WASHINGTON (TND) — Many homeowners across the country face an increasingly difficult time getting affordable property insurance. It's leaving some with inadequate and sometimes no coverage at all when disaster strikes.
Spotlight on America National Investigative Correspondent Angie Moreschi looks into what's driving this trend and which states are the worst when it comes to getting homeowners insurance.
From tornadoes to wildfires to severe storms, extreme weather is sweeping across many parts of the country this summer wreaking havoc and causing destruction for homeowners.
Data shows these damaging weather events are increasing in frequency and intensity nationwide, and homeowners are paying the price with some insurance companies bailing out on coverage in high-risk areas.
It absolutely is bad for consumers,” American Policyholder Association Executive Director Doug Quinn told Spotlight on America. “What it comes down to is a lot of these carriers are saying, we no longer want to accept risk in this state.”
Most recently, State Farm and Allstate, two of the nation’s biggest insurance carriers, stopped writing new policies in California citing the severe hazard of wildfires.
That follows a similar pull-back by several companies in hurricane-vulnerable Florida, including both Farmers and AIG, which stopped taking new customers in the state in June.
It’s set homeowners up for skyrocketing rates.
Vince Arcuri is a longtime real estate agent in Tampa and says he’s used to seeing double-digit insurance hikes for homeowners, but nothing prepared him for the bill his own dad got this year.
ARCURI: "All of a sudden, we got the premium this year, and he opened up the mail and it was up 100%, year over year."
MORESCHI: "100%!"
ARCURI: "It went up from $2000 to $4000."
MORESCHI: "What was your reaction?
ARCURI: "Well, we were stunned."
Frankie Arcuri, 86, has lived in the 1,100 square foot home that his parents built for most of his life and says he’s never seen anything like this.
“It was like double. I live on Social Security, and it's too much money,” Mr. Arcuri said.
Homeowners across Florida are getting hit with similar increases, driving some to take drastic measures.
Homeowner Larry Bendik decided to cancel his coverage altogether, after getting hit with a $1,200 premium increase, last fall.
MORESCHI: "So, you made a pretty big decision to go self-insured."
BENDIK: "Yes."
MORESCHI: "Was that a hard decision? I mean, that's a little risky."
BENDIK: "Even if something happened, I would still get stuck with a big bill anyway. You know, it didn’t make sense to pay that premium and get very little in return."
Bendik says, even if he paid the increase, his insurance would only have covered about half the value of his home in a catastrophic disaster, so he decided to take a calculated risk and self-insure.
It’s something a growing number of Floridians are doing when their homes are paid off. The Insurance Information Institute estimates about 7% of homeowners nationwide self-insure.

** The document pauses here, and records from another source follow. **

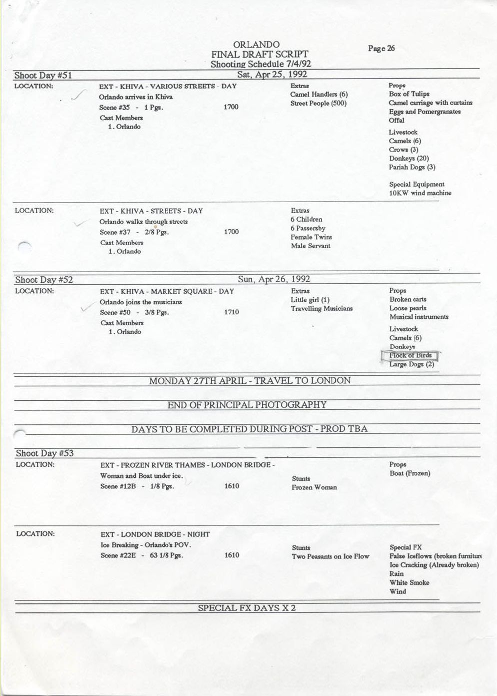 Description A4 computer paper with handwritten notes, Paper, Final draft shooting schedule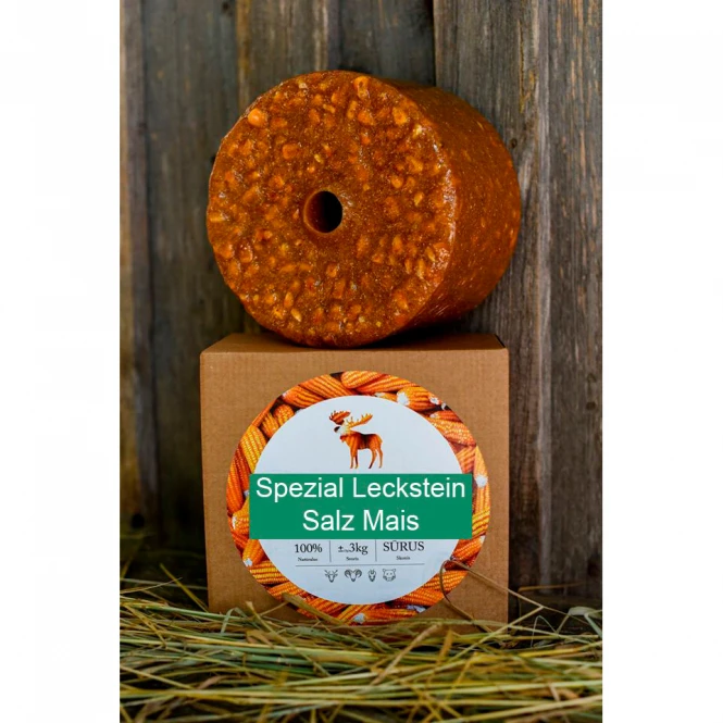 Magnet for all game species (especially for red, fallow, sika, moufflon, roe deer and chamois) Composition per 100 g: Glucose syrup 51.00 g, corn grains 36.36 g, sea salt 12.64 g.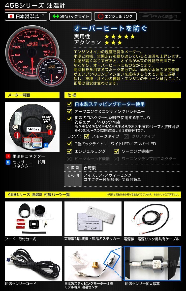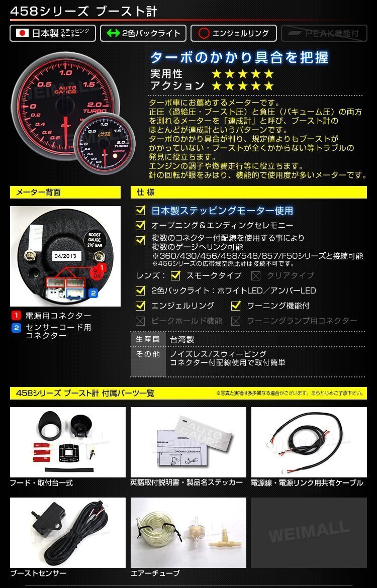 日本製ステッピングモーター搭載 オートゲージ プレミアム 458シリーズ 水温計/油温計/ブースト計 52mm 3点セット 点灯色: ホワイト / アンバー ワーニング機能付 エンジェルリング機能付(文字盤周囲が赤く円状に発光) |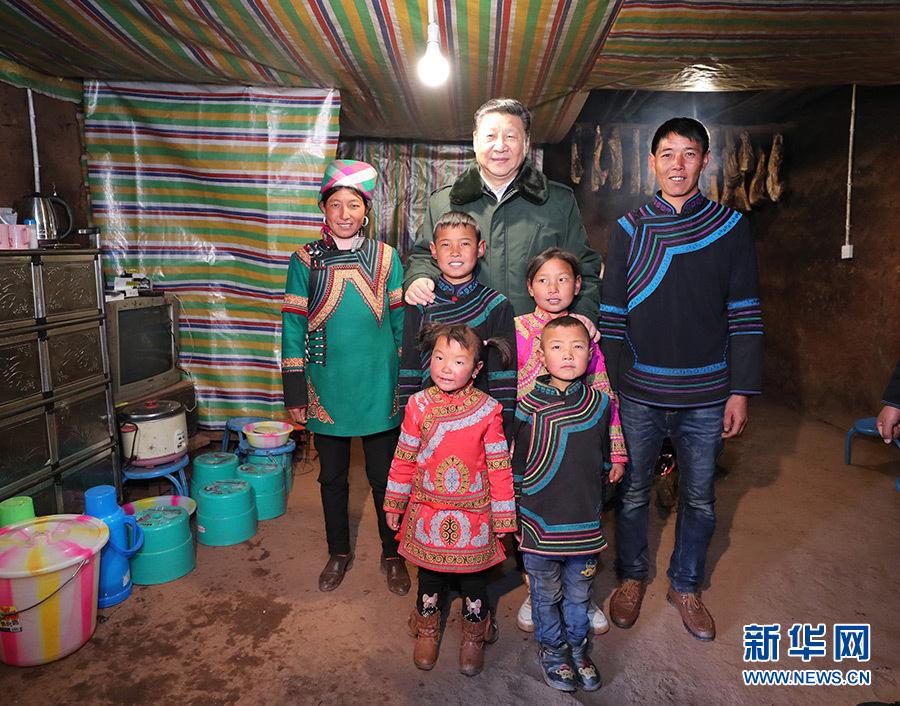 2月11日,中共中央总书记、国家主席、中央军委主席习近平在四川考察。这是习近平在凉山彝族自治州昭觉县三岔河乡三河村同贫困户吉好也求一家合影。新华社记者 谢环驰 摄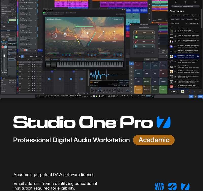 Studio One Pro 7 Academic tarjoaa opiskelijoille, opettajille ja oppilaitoksille täyden version PreSonusin ammattitason digitaalisesta äänityöasemasta (DAW). Tämä koulutuslisenssi kattaa samat ominaisuudet kuin kaupallinen versio ja soveltuu musiikin tuotantoon, miksaukseen, masterointiin, säveltämiseen ja live-esityksiin. Käyttö edellyttää opiskelijastatuksen tai oppilaitoksen todentamista.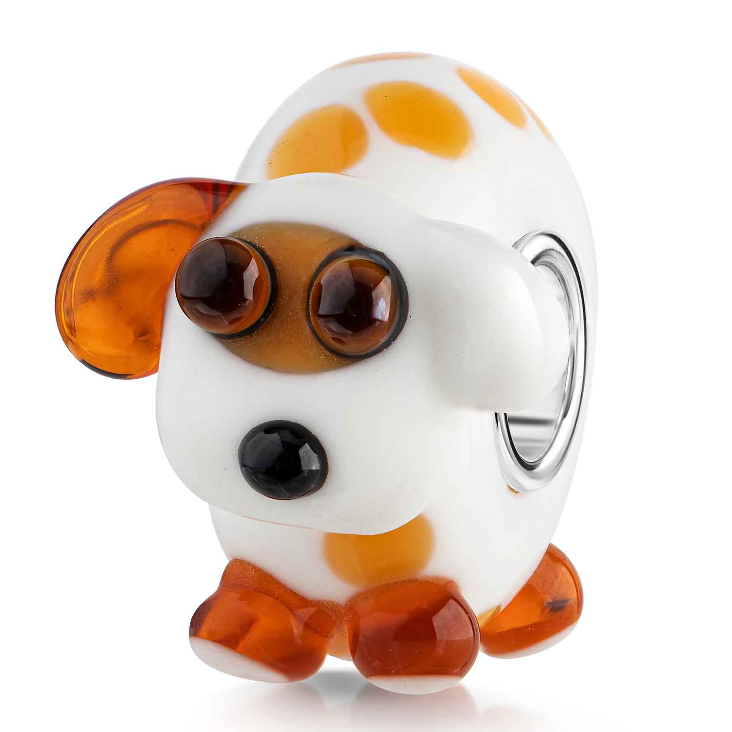 3D Bead in Form eines Hundes in weiß und braun, ausgestattet mit 925 Silber Hülse. Der Bead ist besonders für Kinder geeignet und passt auf Armbänder & Ketten bis 4,4mm Stärke.

In Florida, that number is double at 14%.
Self-insuring is only an option if your home is paid off because homeowners with a mortgage are required to have property insurance.

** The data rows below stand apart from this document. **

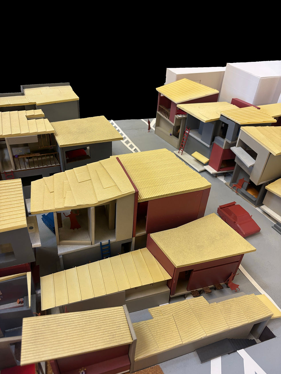 これは他者を知ってしまう路地で暮らす住宅街の設計である。現代社会では、年齢や職業、国籍、家族構成といった様々な属性によって人々が分類され、互いを十分に知ることなく理解したつもりになってしまう状況がある。このような無意識的なカテゴライズは、他者を単純な枠組みの中で捉えてしまうことで差別や偏見を生み出す一因となっている。この構造は建築や都市空間においても見られ、用途や機能によって整理された空間は、人々の生活や関係性をあらかじめ枠づけてしまう。本提案では、こうした状況に対し、生活行為が住まいの内部だけでなく路地へと溢れ出す環境に着目する。行動から空間の骨格を構想することで、人々が互いの生活の気配を感じながら関わり合う、他者を知ってしまう住宅街のあり方を提案する。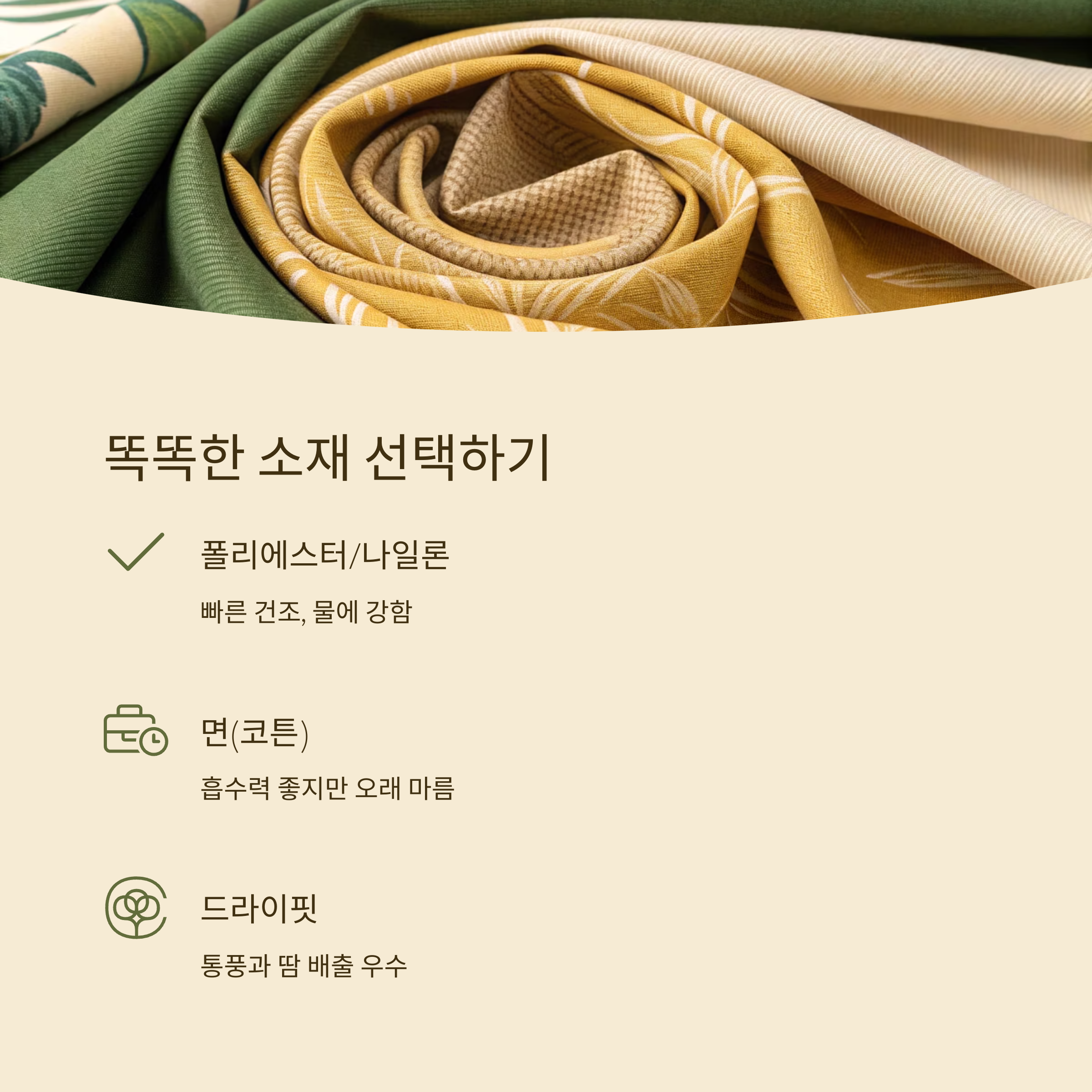 비 오는 날에도 깔끔하고 편하게 입고 싶다면, 이런 소재 정보를 꼭 기억해두면 좋아요. 소재 선택 하나만으로도 옷의 인상이 완전히 달라진답니다 👕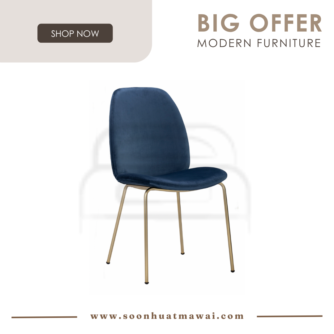 Adelia Dining Chair with Gold colour leg, Jungle Green colour Veloutine fabric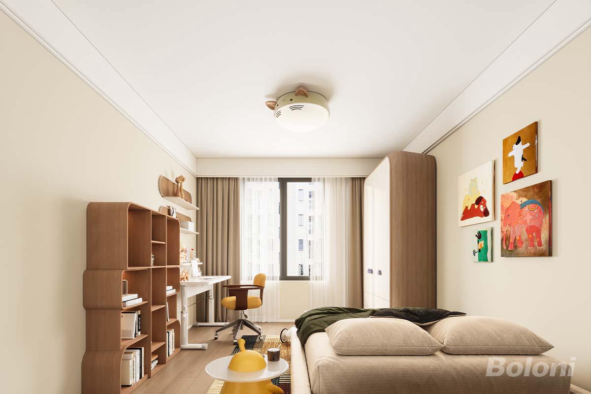 以温润原木为基调,定制开放式书柜与书桌,兼顾学习与收纳。童趣软装与艺术挂画点缀,打造活泼治愈、适配成长的多功能空间。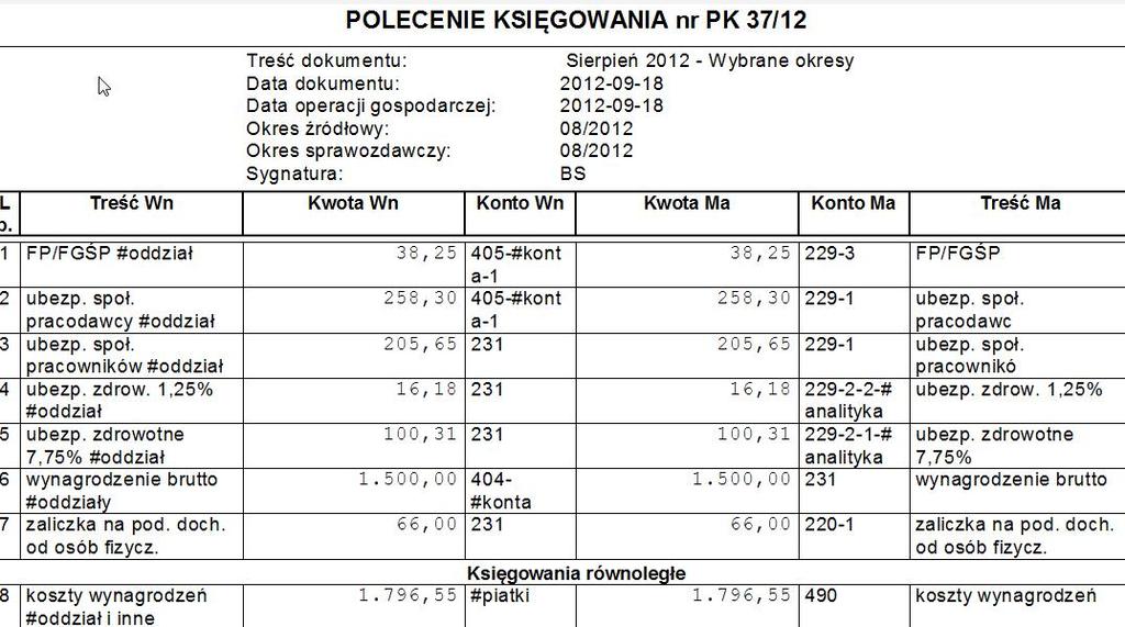 Polecenie księgowania z podziałem na oddziały.

Despite the insurance crisis playing out in Florida and California, those high-profile disaster states are actually not considered the most expensive for homeowners’ insurance in the country.

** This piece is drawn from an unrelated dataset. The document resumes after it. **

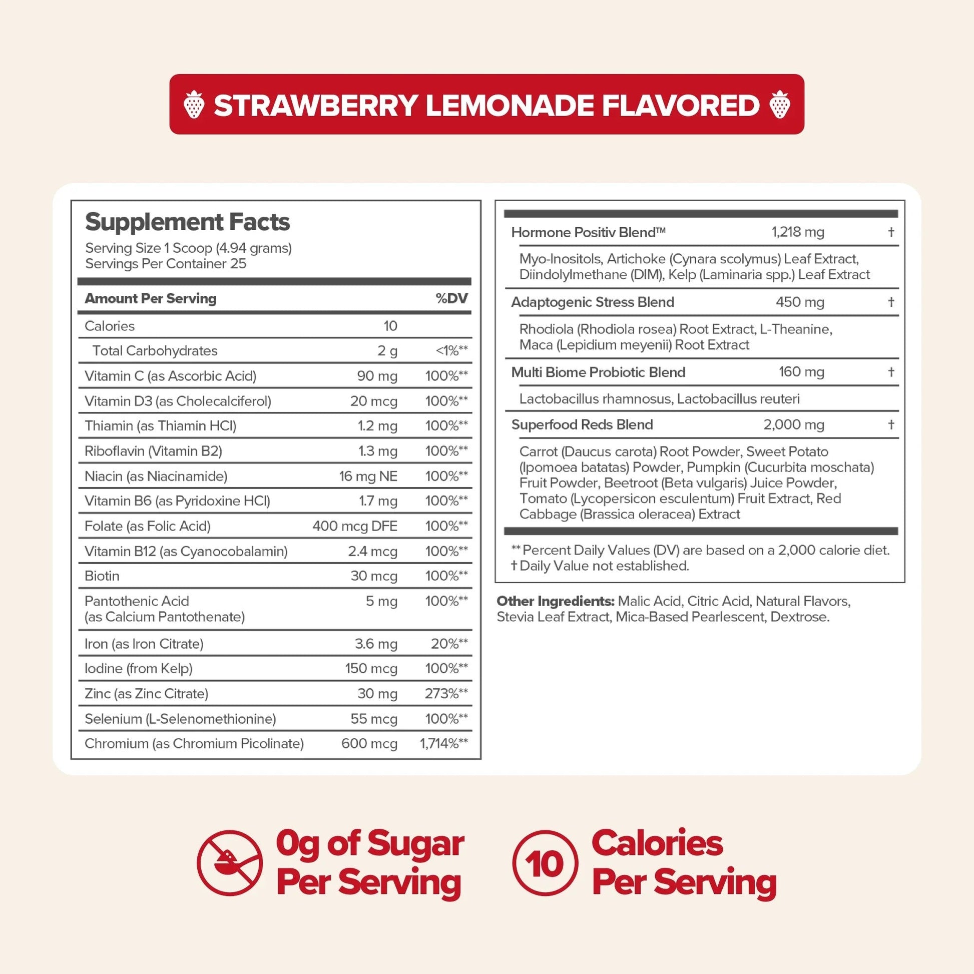 Serving Size: 1 scoop, 25 servings per container. Calories 10, Total Carbohydrates 3g, Vitamin C (as Ascorbic Acid) 90mg, Vitamin D3 (as Cholecalciferol) 20 mcg, Thiamin (as Thiamin HCI) 1.2 mg, Riboflavin (Vitamin B2) 1.3 mg, Niacin (as Niacinamide) 16 mg NE, Vitamin B6 (as Pyridoxine HCl) 1.7 mg, Folate (as Folic Acid) 400 mcg DFE, Vitamin B12 (as Cyanocobalamin) 2.4 mcg, Biotin 30 mcg, Pantothenic Acid (as Calcium Pantothenate) 5 mg, Iron (as Iron Citrate) 3.6 mg, Iodine (from Kelp) 150 mcg, Zinc (as Zinc Citrate) 30 mg, Selenium (L-Selenomethionine) 55 mcg, Chromium (as Chromium Picolinate) 600 mcg, Hormone Positiv Blend™: Artichoke (Cynara scolymus) Leaf Extract, Diindolylmethane (DIM), Kelp (Laminaria spp.) Leaf  Extract 626 mg, Adaptogenic Stress Blend: Rhodiola (Rhodiolarosea) Root Extract, L-Theanine, Maca (Lepidium meyenii) Root Extract 450 mg, Multi Biome Probiotic Blend: Lactobacillus rhamnosus, Lactobacillus reuteri 160 mg, Superfood Reds Blend: Carrot (Daucus carota) Root Powder, Sweet Potato (Ipomoea batatas) Powder, Pumpkin (Cucurbita moschata) Fruit Powder, Beetroot (Beta vulgaris) Juice Powder, Tomato (Lycopersicon esculentum) Fruit Extract, Red Cabbage (Brassica oleracea) Extract 1,977 mg

According to Insurance.com, that distinction belongs to three states in tornado alley:
Florida is in the news a lot and the peril is big in California, but what people don’t understand is these Midwest states are getting hammered constantly,” Doug Quinn with the American Policyholders Association explained.
When it comes to premiums based on private insurance, Florida ranks in the middle at $2,426 and California was among the lowest at just under $1,400.
Those numbers, however, are based on a survey of rates from major insurance carriers in each state. They don’t account for hundreds of thousands of customers who can no longer get private insurance in those states and have been driven into state-backed insurers of last resort, like Citizens in Florida and FAIR in California.
Friedlander blames insurance fraud and lawsuits for driving many companies to limit or pull out of the Sunshine State, forcing a record number of homeowners into Citizens. More than 1.3 million Floridians now get their insurance through that state’s insurer of last resort.
We've never seen anything like this across the country,” Friedlander said. “The state-backed insurer is also the largest insurer. More than 15% market share. Because you can't find coverage with the private insurer.”
Also in California, the Insurance Information Institute says the rates are artificially low because state regulations cap what insurance companies can charge.
“Insurance just doesn't work that way. If insurance companies cannot charge the correct rates for the risks they write, they're not going to stay in that market,” Insurance Information Institute spokesperson Mark Friedlander told Spotlight on America, referring to big carriers like Allstate and State Farm, which recently pulled back on covering homeowners in the Golden State.
Taking into account shrinking coverage options, in addition to cost, the Insurance Information Institute ranks California as one of the five worst states and puts Florida at the top of the list.
It's all left life-long Floridians like the Arcuri’s wondering whether Florida has become unaffordable for the average homeowner.
“It’s frustrating. Florida is really becoming too expensive for people like my dad. Retirees used to come here all the time, but they’re going to have to find another place because regular folks are getting priced out,” Vince Arcuri said.